Rabbi Dr Tony Bayfield: It was one of the most moving experiences of my life, and it reflects exactly what you just said. And the most moving thing for me was being with you and knowing that you knew so much and had read so much and cared so much and yet seeing the impact of actually being there on you...
Archbishop of Canterbury Dr Rowan Williams: Well, nothing prepares you, nothing really makes it easy when you get there. You may think you know and yet there's an element in which you experience just a little from the inside and feel it's not someone else's issue, it's not someone else' history. And that's not to try and rob the Jewish people of their memory, it's just to say in some way it shows what can happen to us all. It shows the potential for evil, it shows the depth of suffering.
Rabbi Dr Tony Bayfield: We've got a piece in our prayer book written by a Shoah survivor called John Heimler who said that the experience of going through Auschwitz was that it taught him that he was just one small part of suffering humanity. And that he was actually underneath no different from anyone else. I'm sure you need have no fear of trying to appropriate a Jewish experience. It is paradoxically a uniquely Jewish experience. It is paradoxically a uniquely Jewish experience and at the same time, an experience for all humanity.

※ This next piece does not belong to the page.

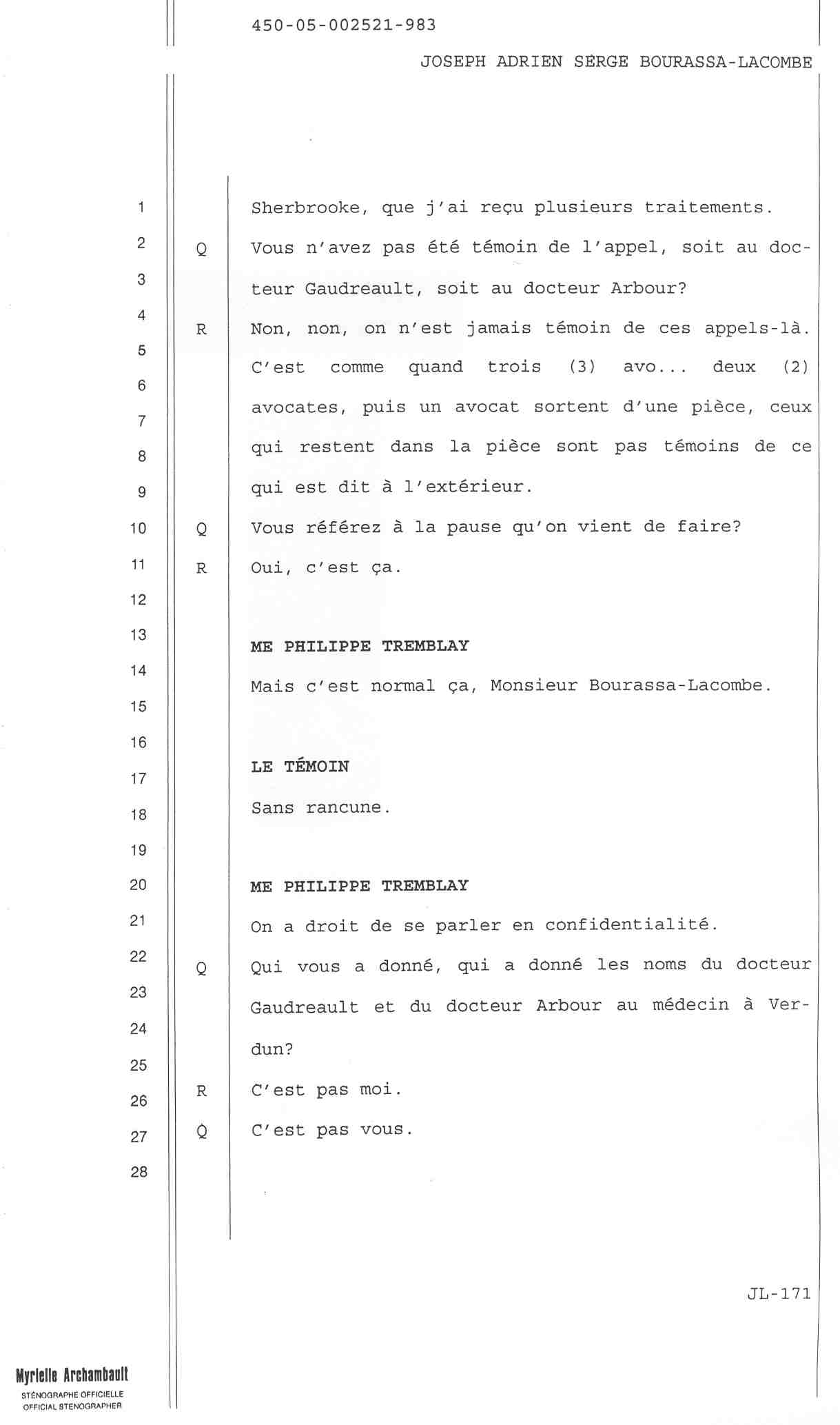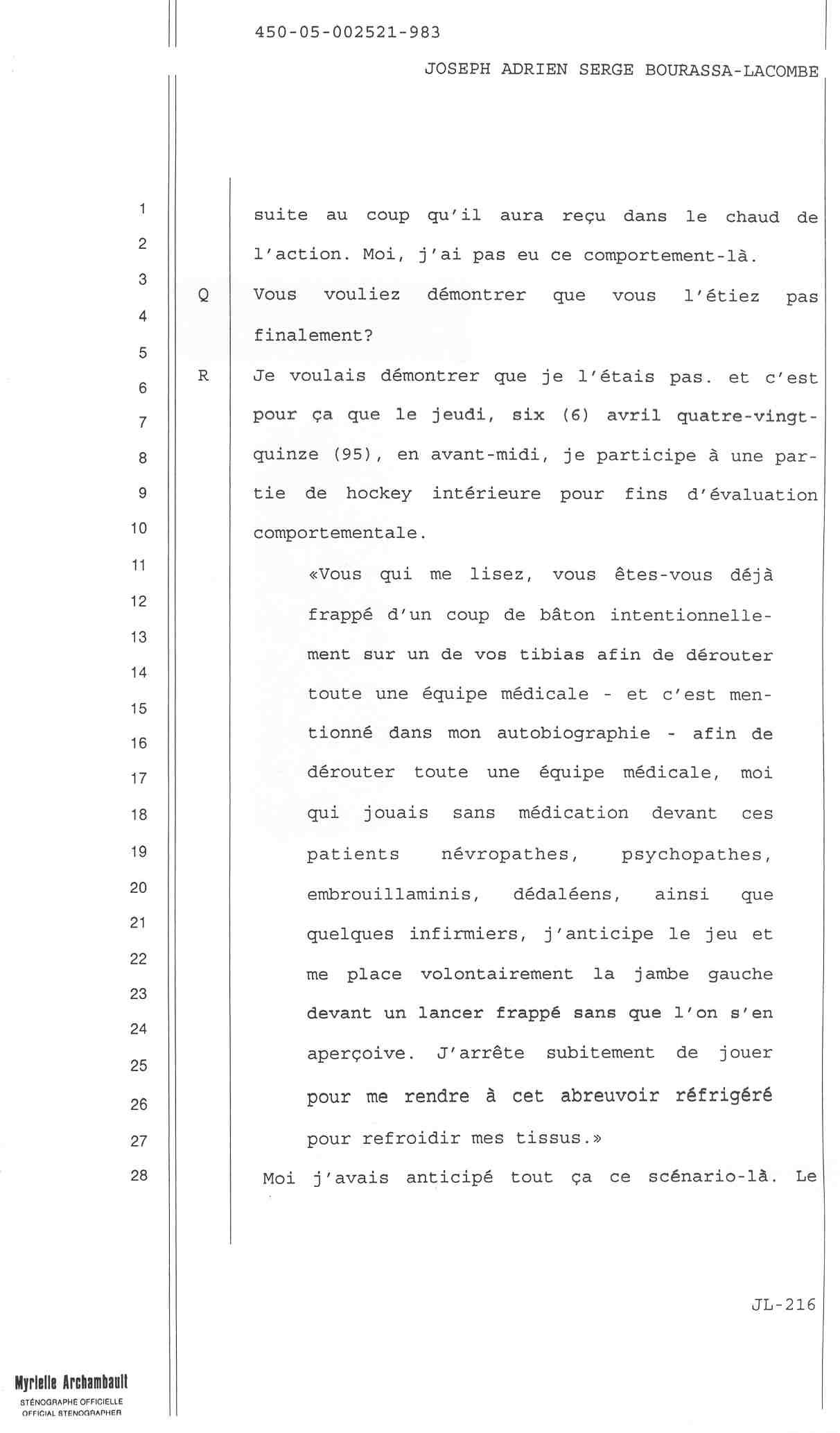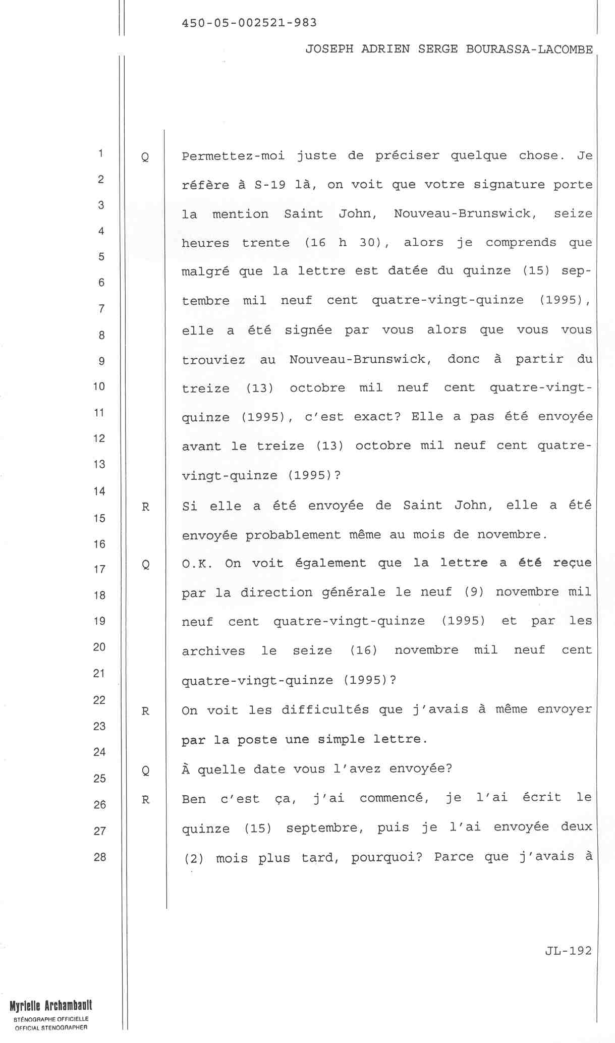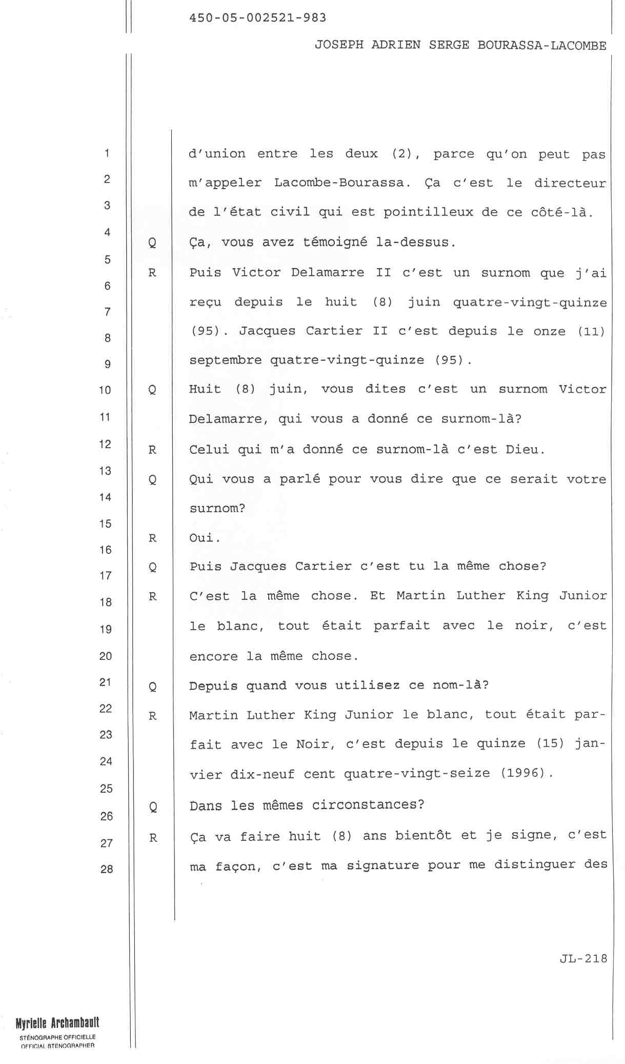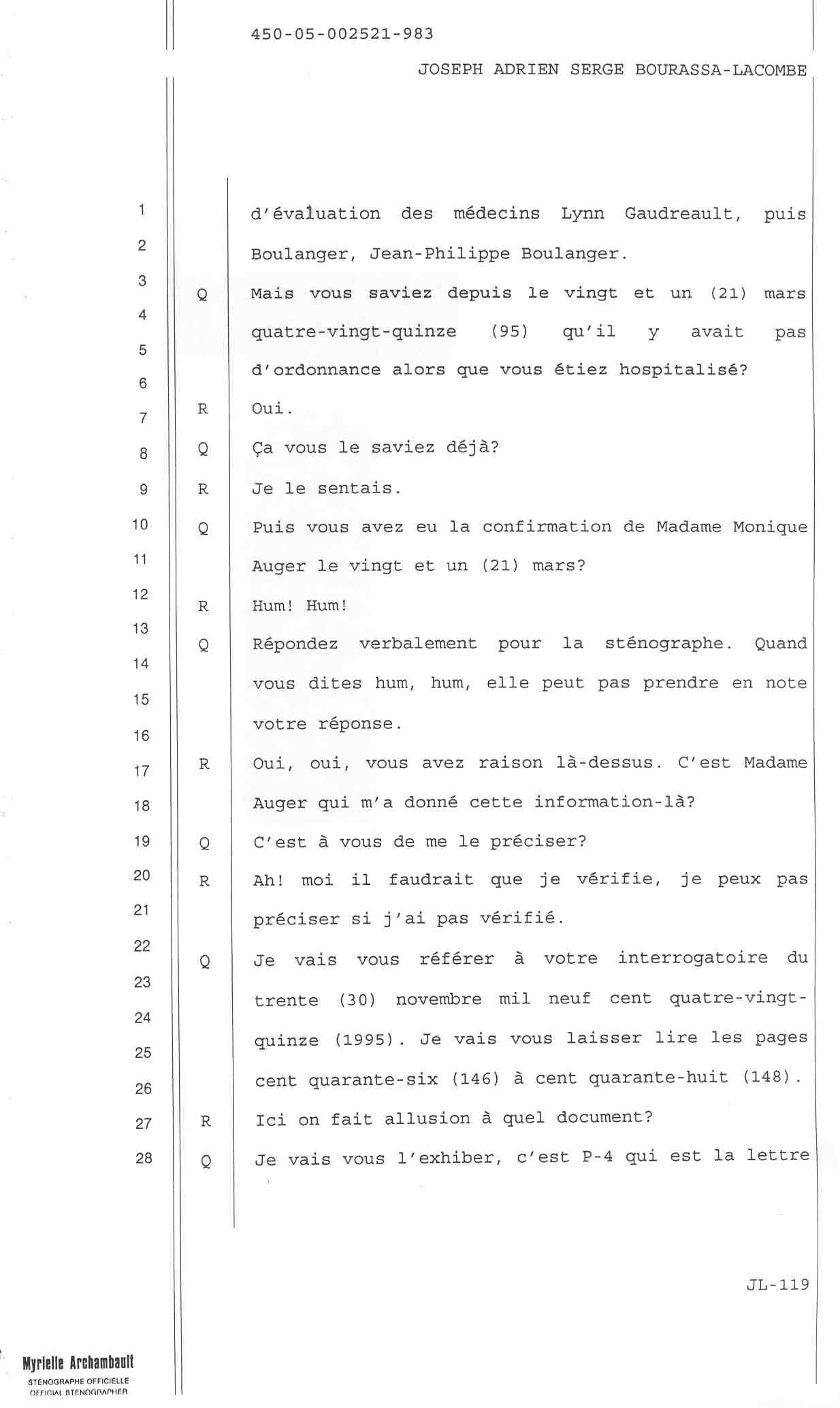 EN MEMORIA DEL 04 DE JULIO DE 1996 CUANDO VIVÍA EN E Y A LA BÚSQUEDA DE MI PROPIA COMIDA, EFECTUÉ UNA ENTREGA ESPECIAL AL XXVIE CONGRESO INTERNACIONAL DE DERECHO Y SALUD MENTAL QUE ESTO SE DESENROLLA EN MONTREAL DEL 4 AL 6 DE JULIO DE 2001 A LA ATENCIÓN DEL DR. ANDRÉ LAFLEUR, DG DEL INSTITUTO PHILIPPE PINEL DE MONTREAL. DEPOSITÉ COMO OFRENDA, 800 TARJETAS DE ASUNTOS DE LA FUNDACIÓN SARGA BOURASSA-LACOMBE SEAN UNA TARJETA PARA CADA MIEMBRO DEL CONGRESO ESPERADO A ESTE CONGRESO, 1 KILOGRAMO DE RED DE PLACA DESCOMPUESTA Y 3 PEDAZOS DE TARTA DE LOS ÁNGELES PARA QUE EL DR. LAFLEUR UNO DE LOS ORGANIZADORES DEL ACONTECIMIENTO INCLUYA QUE TENDRÍA MEJOR VALUE EN NOMBRE DE LOS DERECHOS HUMANOS Y DE LA SALUD MENTAL INVITAR LA FUNDACIÓN SARGA BOURASSA-LACOMBE PARA QUE LOS MIEMBROS DEL CONGRESO PUEDAN BENEFICIARSE DEL PERITAJE ESPECIALIZADO EN SALUD MENTAL DE SU PRESIDENTE CON EL FIN DE VER UNA DISMINUCIÓN DE LA CRIMINALIDAD, REPETICIÓN CRIMINAL Y SUICIDIO PARA CONSTRUIR UN MEJOR PAÍS. ES NECESARIO QUE SEPAN QUE ESTA MISIÓN SERÁ IMPOSIBLE, MIENTRAS ÉL UN REPENTANCE NO HUBO A MI LUGAR EN LOS EXPEDIENTES MÉDICOS DE: CENTRO HOSPITALARIO UNIVERSITARIO DE SHERBROOKE, DEL CENTRO HOSPITALARIO DE VERDUN, DEL CENTRO HOSPITALARIO DE ST. MARY Y DEL INSTITUTO PHILIPPE PINEL DE MONTREAL.. POR ESO PARA HABER MULTIPLICADO LAS ACCIONES CRIMINALES DIRIGIDAS CONTRA MI PERSONA ACTUANDO SIN JUICIO DEL TRIBUNAL, DE TENERME DEJAR VIVIR SIN REFUGIO Y SIN COMIDA DURANTE MÁS DE TRES AÑOS.

Archbishop of Canterbury Dr Rowan Williams: And isn't that in a sense what the Jewish experience has always been thought to be by Jews?
Chief Rabbi Sir Jonathan Sacks: We certainly feel that the tears and the sadness and the grief have the power, if we preserve them and then we let them touch us, to move us not to be silent in the face of others' suffering, whoever suffers and whoever causes that suffering. And in that sense I think it's important for us to realize that this really is a universal message that speaks to us now.
One of the things that I can't fully get over is how this was a crime that was meant to be concealed and denied as if the perpetrators realized that Holocaust remembrance would defeat what they were trying to do. And that in itself tells me that we are right to remember and to encourage everyone to remember.
Archbishop of Canterbury Dr Rowan Williams: There's a story about, I think it was Anna Akhmatova, the Russian poet, standing in Moscow in the middle of the trials in the1930's with a woman trying to find her husband who had disappeared in one of Stalin's jails, turned to Akhmatova, knowing she was a poet, and saying, "Can you describe this?" And Akhmatova said, "I think so." And the woman said, "Good. It's got to be spoken."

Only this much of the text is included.